University of Texas' Tom Herman speaks on Ohio State's Urban Meyer situation
Ryan Day, who has been the team's offensive coordinator, will be acting head football coach while Meyer is on leave. She also told McMurphy that Shelley said she would have to tell Urban and Courtney encouraged her to do so.

National Archives Says Kavanaugh Doc Request Could Go On Through October
Instead, the GOP has only requested documents from his time in the White House counsel's office from 2001 to 2003. This could potentially thwart Republican hopes for quick confirmation before the November election.

Facebook Uncovers Fake Accounts Ahead of Midterm Elections
We disabled the event earlier today and have reached out to the admins of the five other Pages to update them on what happened. According to Facebook, the pages ran roughly 150 ads on the social media sites at the cost of approximately $11,000.

Kourtney Kardashian Slams Sister Kim Kardashian, Calls Her An ‘Evil Human Being’
I don't care for it personally ". "You don't say things like that", Kourt says through her tears. Keeping Up With The Kardashians season 15 premieres August 5 at 9 p.m. on E!

Merc, Lamborghinis crushed in anti-graft drive in Philippines
Before his appointment, the government would sell the illegally imported vehicles for profit. But there's no denying his public commitment to the Philippine drug war. "He is not.
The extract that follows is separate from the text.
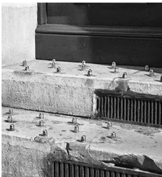
Πρόστιμα, σκηνές αντί για σπίτια και σκαλοπάτια με καρφιά.

Η Ana Botella, δήμαρχος της Μαδρίτης, αποφάσισε να ποινικοποιήσει την φτώχεια και να επιβάλλει «συνταγματικό σαδισμό» σε χιλιάδες ανθρώπους που δεν έχουν τίποτα. Ετοιμάζει ένα σχέδιο νόμου που θα επιφέρει κυρώσεις στους ανθρώπους που είναι αναγκασμένοι να ζουν στον δρόμο, να ζητιανεύουν ή να πλένουν παρμπρίζ αυτοκινήτων για να επιβιώσουν.

FDA Issues Warning About 'Vaginal Rejuvenation' Devices
But the safety and effectiveness of these devices hasn't been evaluated or confirmed by the FDA for 'vaginal rejuvenation'. Alma Lasers, BTL Aesthetics, BTL Industries, Cynosure, InMode, Sciton, and Thermigen have all been contacted already.

Manchester United 2-1 Real Madrid
Man Utd will face Bayern Munich in Germany on Sunday in their final game of what has been a miserable pre-season for the club. They open the 2018/19 Premier League season with a home fixture against Leicester City on August 10.

Google reportedly plans to release a censored search app in China
Google's main search platform has been blocked in China since 2010, but it has been attempting to make new inroads into China. Facebook's website is also banned in China but the company has also signalled its interest to enter the market.

Former Rebel traded from Twins to Yankees
Rijo. 19, had a 2.77 ERA and a 4-1 record in seven minor league appearances this season. The 31-year-old Lynn is 7-8 with a 5.10 ERA thus far this year.

Smokefree Public Housing Policy Going Into Effect Tuesday
The Housing and Urban Development website's guide for local housing authorities includes strict procedures. People who live in Decatur have had more than a year to prepare for the soon-to-be change.